Every matrix can be written as a sum of unitary matrices?

Solution 1:

The reference to the MathOverflow question is a good one. If $A$ is a complex matrix, you can normalize so that $\|A\| \le 1$. Then $$ A = B + iC $$ where $B$, $C$ are selfadjoint and given by $$ B = \frac{1}{2}(A+A^{\star}),\;\;\; C=\frac{1}{2i}(A-A^{\star}). $$ These selfadjoint operators also satisfy $\|B\| \le 1$ and $\|C\|\le 1$, which means that their eigenvalues--which must be real--are in $[-1,1]$. Then you can decompose $B$ and $C$ as $$ B = \frac{1}{2}(U_{B}+V_{B}),\;\;\; C=\frac{1}{2}(U_{C}+V_{C}) $$ where $U_{B}, V_{B}, U_{C}, V_{C}$ are unitary and given by $$ U_{B} = B + i\sqrt{I-B^2},\;\; V_{B}=B-i\sqrt{I-B^2} \\ U_{C} = C + i\sqrt{I-C^2},\;\; V_{C}=C-i\sqrt{I-C^2} $$ This makes sense becaue $I-B^2$ and $I-C^2$ are selfadjoint with their eigenvalues in $[0,1]$; so the square roots are defined that also have eigenvalues in $[0,1]$. You can check that $$ U_{B}U_{B}^{\star}= U_{B}^{\star}U_{B} = (B-i\sqrt{I-B^2})(B+i\sqrt{I-B^2})=B^2+(I-B^2)=I. $$ Then $\frac{1}{2}(U_{B}+V_{B})=B$, $\frac{1}{2}(U_{C}+V_{C})=C$ and $A=B+iC$ is a linear combination of unitary matrices.

Solution 2:

It is known that every complex square matrix $A$ can be written as a linear combination of at most two unitary matrices. First, by scaling, you may assume that $\|A\|\le1$. Then, by singular value decomposition, you may also assume that $$ A=\operatorname{diag}(s_1,\ldots,s_n) $$ where the singular values $s_j$s are real nonnegative and bounded above by $1$. Now, as $s_j=\frac12(z_j+\bar{z}_j)$, where $z_j=s_j+i\sqrt{1-s_j^2}$ has unit modulus, it follows that $A$ is the average of two unitary matrices.
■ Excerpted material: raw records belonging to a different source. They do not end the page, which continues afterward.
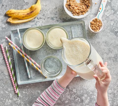 Versare il frappè nei bicchieri e guarnire con la granola.
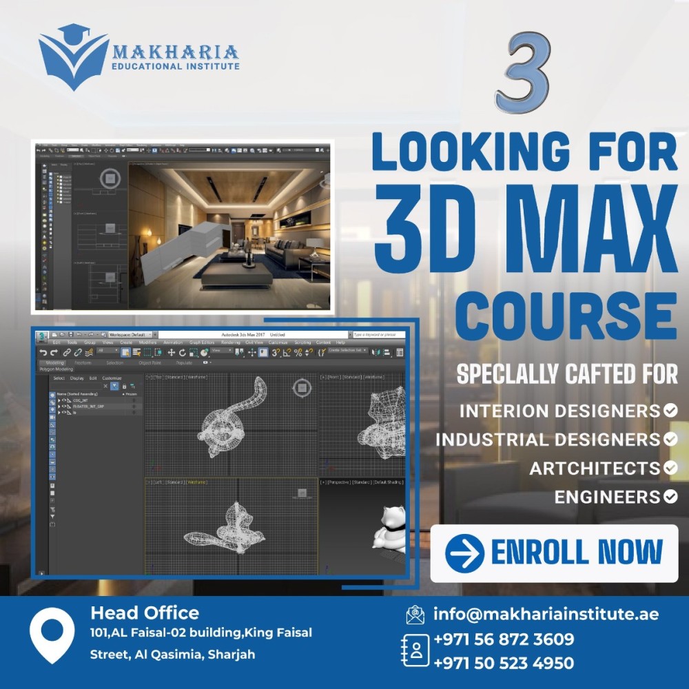 #3DMax, #DesignTraining, #ArchitecturalRendering, #3DModeling, #Animation, #VisualEffects, #GameDesign, #Rendering, #GraphicDesign, #MakahriaInstitute,
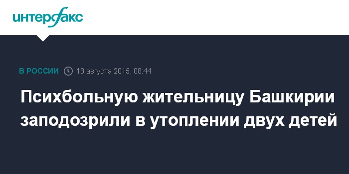 Москва. 18 августа. INTERFAX.RU - Жительницу Башкирии подозревают убийстве двух ее малолетних сыновей, сообщила пресс-служба СУ СКР по республике во вторник.
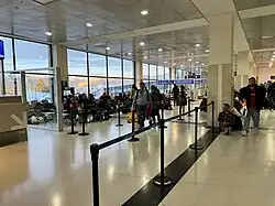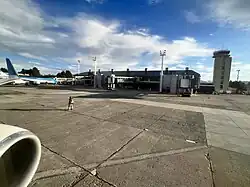 San Carlos de Bariloche Airport (Spanish: Aeropuerto de San Carlos de Bariloche) (IATA: BRC, ICAO: SAZS), also known as Teniente Luis Candelaria Airport,[5] is an international airport serving the city of San Carlos de Bariloche, Río Negro, Argentina. The airport covers an area of 1,810 hectares (4,500 acres; 7.0 sq mi) and has a 12,000-square-metre (130,000 sq ft) terminal; it is located 13 kilometres (8.1 mi) out of the city.[2]
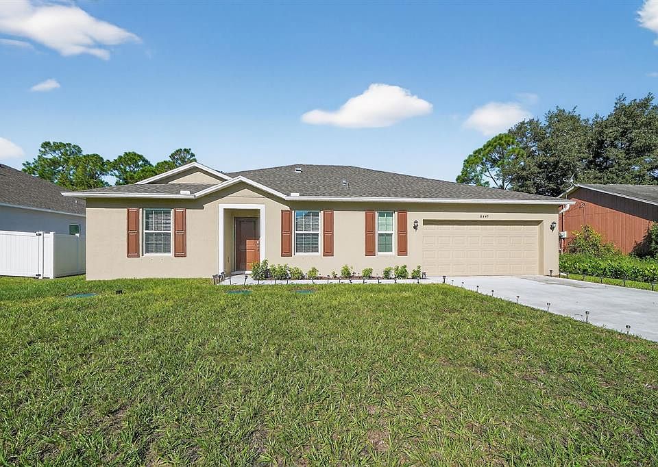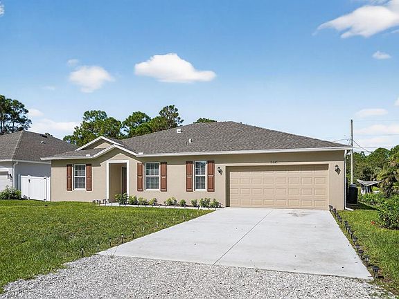 Gracious new construction home has a luxurious touch with tile throughout. Master bedroom has abundant light and a spacious walk-in closet. Kitchen and 2 baths feature quartz countertops, with dual vanities and a frameless glass shower in the master. Enjoy fresh filtered water from a private well with 3 stage reverse osmosis and no water bills! Three additional bedrooms offer large closets. The dining room can also serve as a foyer, while the breakfast nook opens to the patio. Kitchen includes tall soft-close cabinets and a pantry large enough for all your needs. The nicely sized laundry room houses AC unit. The 2 car garage has hurricane shutters. The Samsung fridge, wash and dryer appliances are negotiable.
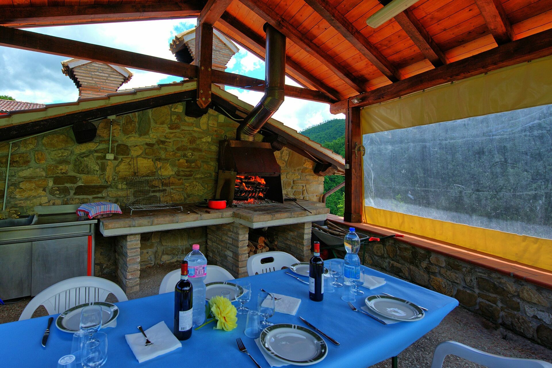• à l’ extérieur il y à une pièce avec cuisine, barbecue et four
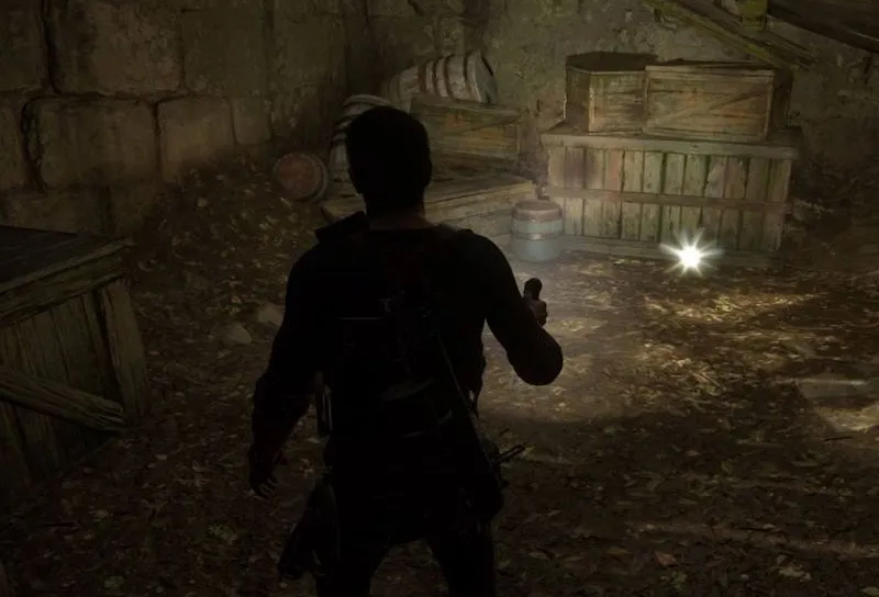Там, под обломками, рядом с ящиками, вы найдете последнее сокровище в этой секции – кувшин. Найдя его, вернитесь к брату Сэму и поднимитесь в остатки здания. Вы подойдете к окну, которое находится слишком высоко для вас.
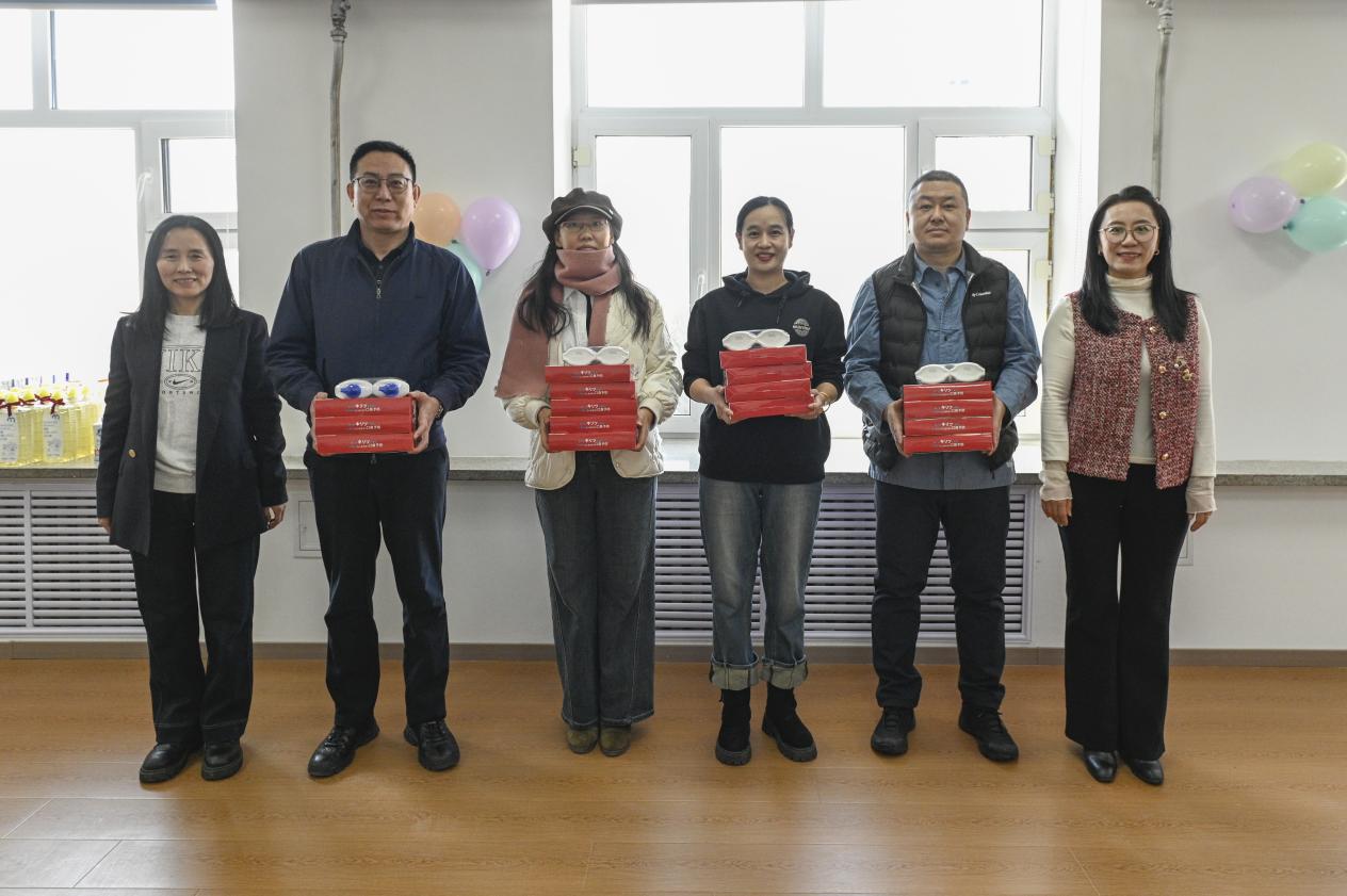 随后,进行活动第二项,理学院院长毕卉为教师们分发了精心准备的节日礼物。一份份精美的礼物承载着学院对教职工们的浓浓关爱和深深谢意。随后,理学院党委副书记王冰与副院长孟桂芝共同为积极参与活动的老师们颁发了奖项,现场气氛热烈,掌声不断。
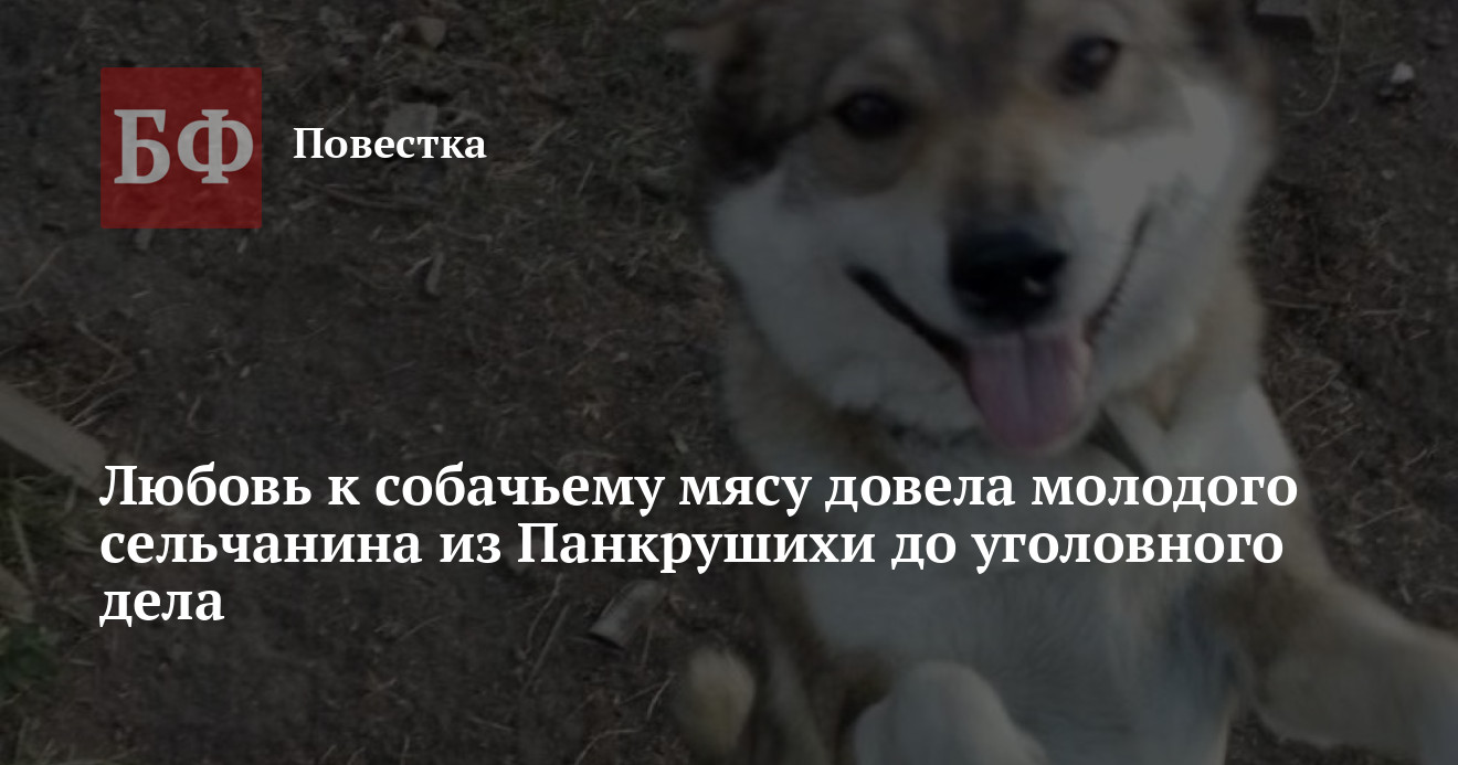 30 июня в социальных сетях и мессенджерах стала распространяться переписка с видеосообщениями жителей райцентра Панкрушиха. В ней некий молодой человек по имени Алексей демонстрировал фото мертвой собаки и окровавленного ножа. Парень пытался шутить, что собака будто бы «поймала его на слове», из-за чего ему якобы и пришлось ее зарезать. «Ты сама сказала: «Кто чем занимается?» Я говорю: «Ну, вот, ем собаку», — ответил молодой сельчанин своей собеседнице видеосообщением. Живодером он себя не считает, а свои действия объяснил тем, что просто любит мясо.
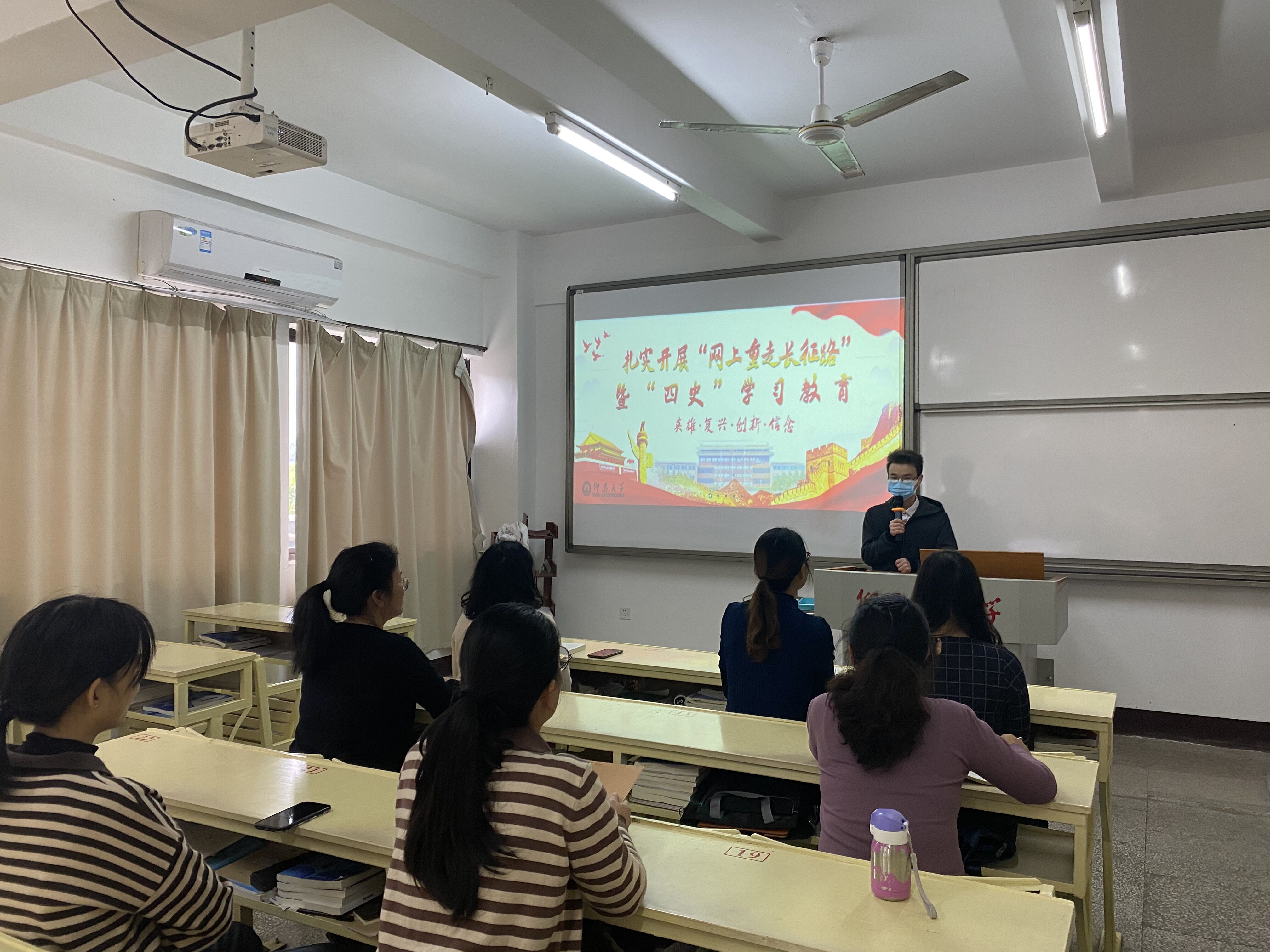 林金狮领学“四史”专题学习时指出,要充分认识开展“四史”学习教育的重要性。通过深入开展“四史”学习教育,进一步教育引导学院师生全面了解中国共产党成立以来、新中国成立以来以及改革开放以来的重大事件、重要会议、重要文件、重要人物,了解我们党领导人民进行艰苦卓绝的斗争历程,了解中国近代以来的斗争史、我们党成立以来的奋斗史、新中国成立以来以及改革开放以来的发展史,深刻认识红色政权来之不易、新中国来之不易、中国特色社会主义来之不易,深刻把握党的历史发展主题和主线、主流和本质,深刻理解中国共产党为什么“能”、马克思主义为什么“行”、中国特色社会主义为什么“好”,不断从中深入领会学习马克思主义理论的重要意义,感悟马克思主义的真理力量,持续激发全院师生爱党爱国爱社会主义的巨大热情,增强道路自信、理论自信、制度自信、文化自信,做到不忘历史、不忘初心,知史爱党、知史爱国。

If I remember correctly, there was also an open conjecture that the least possible number $k(n)$ such that every real $n\times n$ matrix can be written as a linear combination of at most $k(n)$ real orthogonal matrices is equal to $4$. It has been shown that $k(n)\le 4$. See proposition 1 in Chi-Kwong Li and Edward Poon, Additive Decomposition of Real Matrices, Linear and Multilinear Algebra, 50(4):321-326, 2002.

Solution 3:

I do not see an elementary linear algebra proof right now, but an answer is given at this MO-question, namely that in a $C^*$-algebra, any operator is the linear combination of four unitary operators. The algebra $M(n, \mathbb{C})$ of $n × n$ matrices over $\mathbb{C}$ becomes a $C^*$-algebra if we consider matrices as operators on the Euclidean space $\mathbb{C}^n$, and use the operator norm $||.||$ on matrices.